Personal, individual rights. Our constitution in essence and in
fact, gives every American citizen the right to defend our
respective personal freedoms, even against our own government
if our government begins to usurp by force, or in any other way
to take away those freedoms. In fact the implication is that its
our duty to do so.

Most of the time nationalism is a good thing, but we have
already willingly given up more than we will ever be able to get
back, and right now my question is, how much more are we
going to give up. We need to think very carefully about what
powers we are electing our government to carry on our behalf.
We are not a country of people for a government, but a country
by the people and for the people.

[inachu]

just ping them back

If you have solid data light connections then just do a nslookup and if you look up the ip address on the web then you will know if it is govt or not. If its not then call police. If it is then ping the remote ip like crazy

[TogetherinParis]

Ping the FBI & it could be obstruction of justice, so

If one were to ping the FBI & it could be obstruction of justice. If I
were on the jury and you did any communication to a government
computer intentionally to disrupt survalence--even on yourself--I
would vote to convict you and send you to prison for quite a long
time.
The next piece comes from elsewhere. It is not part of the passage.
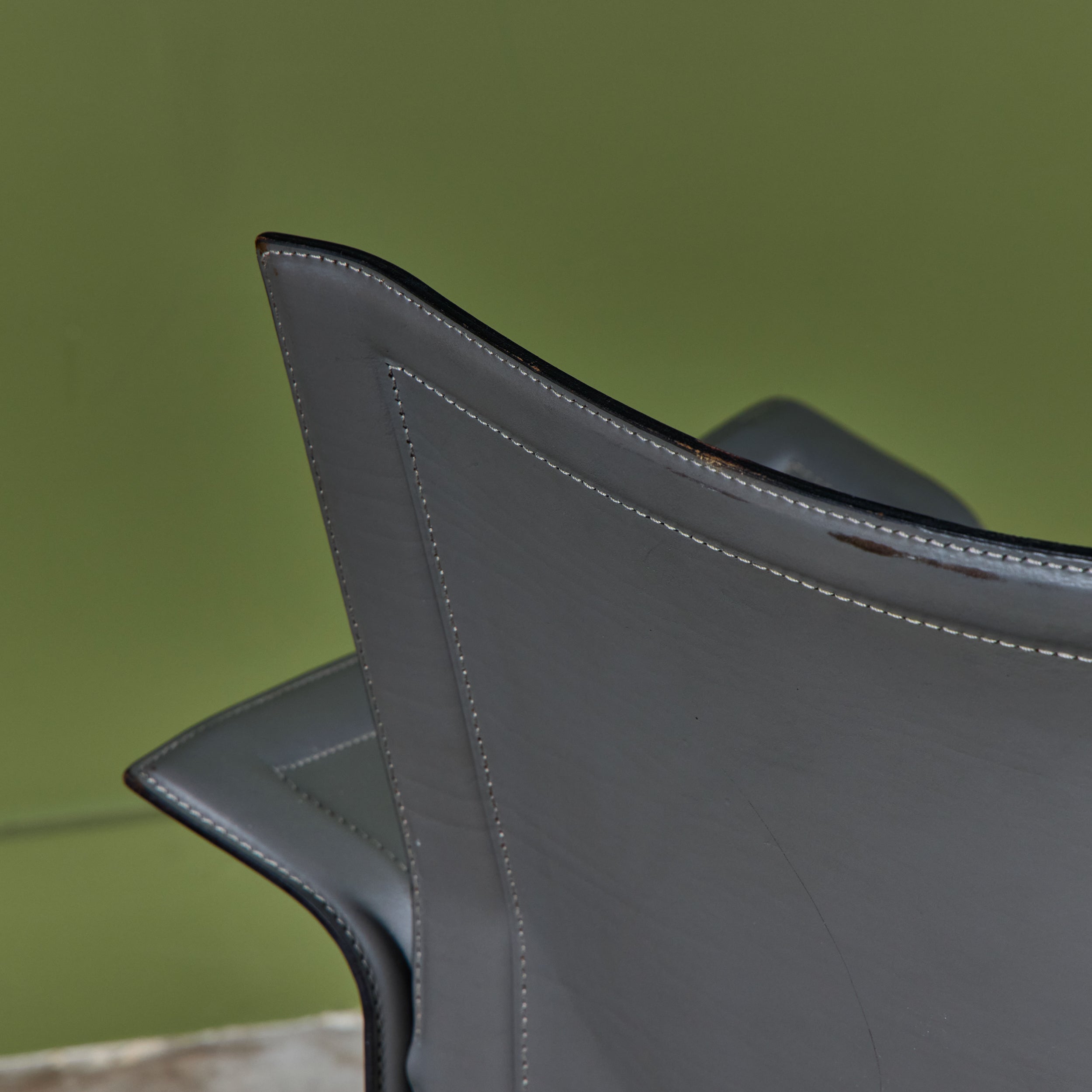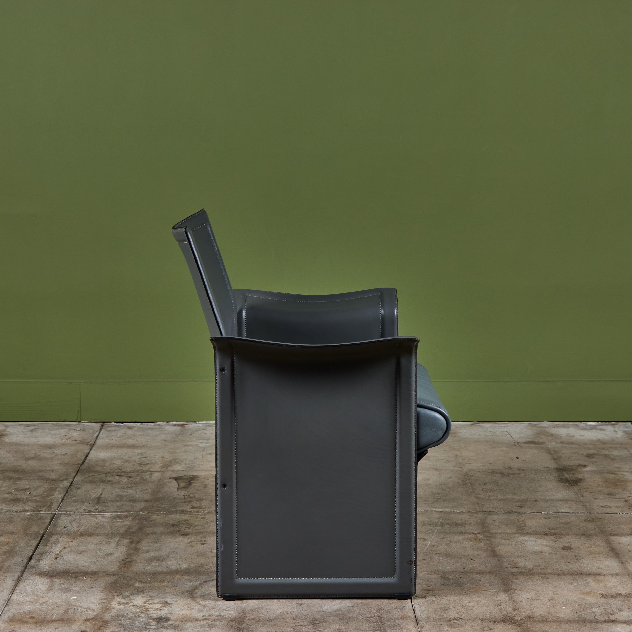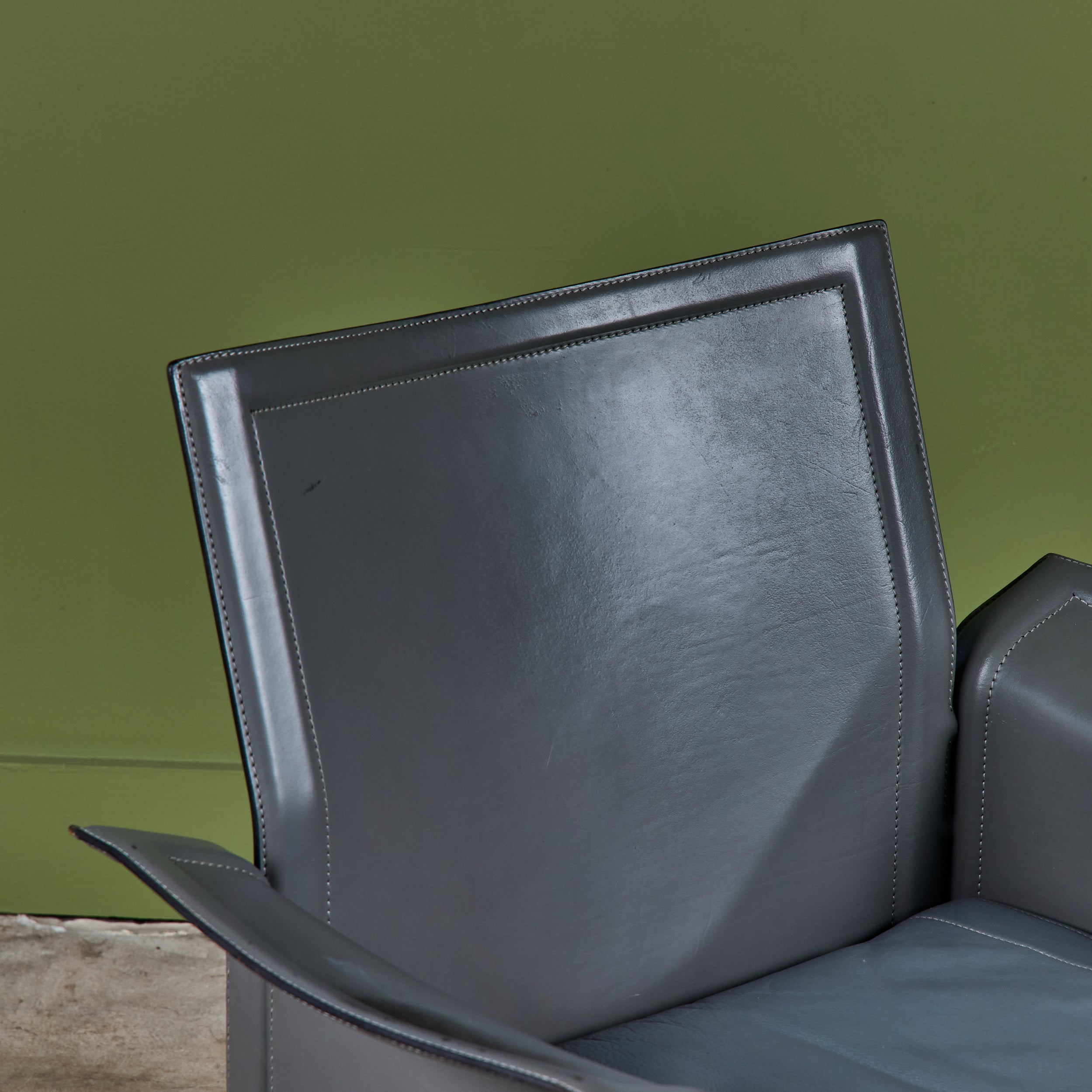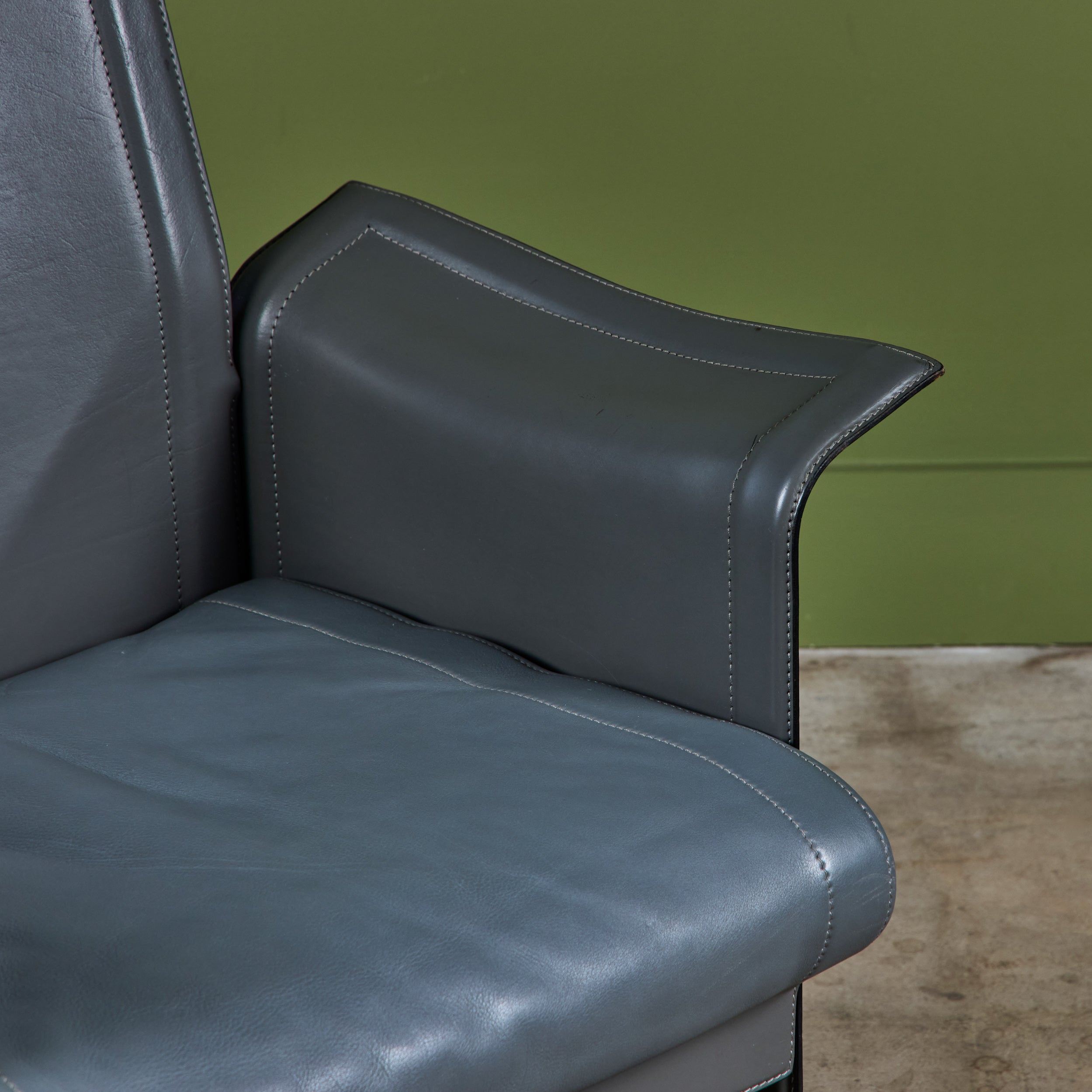 Matteo Grassi leather lounge chair c.1980s, Italy, features a gray saddle leather wrapped atop a steel frame with stitched detailing and a cushioned seat.

If you feel your rights have been violated by a government
agency, call them up to complain, get a lawyer, and vote
Democratic next time.

[MOZART-TURM]

FBI MAKES ONLINE VISITS AT HOME

We have in Germany the same situation. Our minister Schaeuble want the same crime situation against the privacy of the german people. We are engaged to defend this idea of GEORGE ORWELL. We MUST FIGHT against this, we HAD (!!) Mr. Heinrich Himmler during the NAZI-TIME, and we are really NOT INTERESTED, that stupid people will kill the democr4acy in our country.

Sebastian Tropp
Mozart-Turm Deutschland

[Roy L. Benedict]

FBI makes online visits

Most citizens have nothing to fear from this because they are not monitored. The purpose is to intercept messages from those that are planing to blow up buildings and people in Germany and around the world and prevent this from happening. This could work against illegal hackers and virous producers. NAZI-TIME? Tisk, Tisk. They did a lot of bad things but e-mail they didn't have.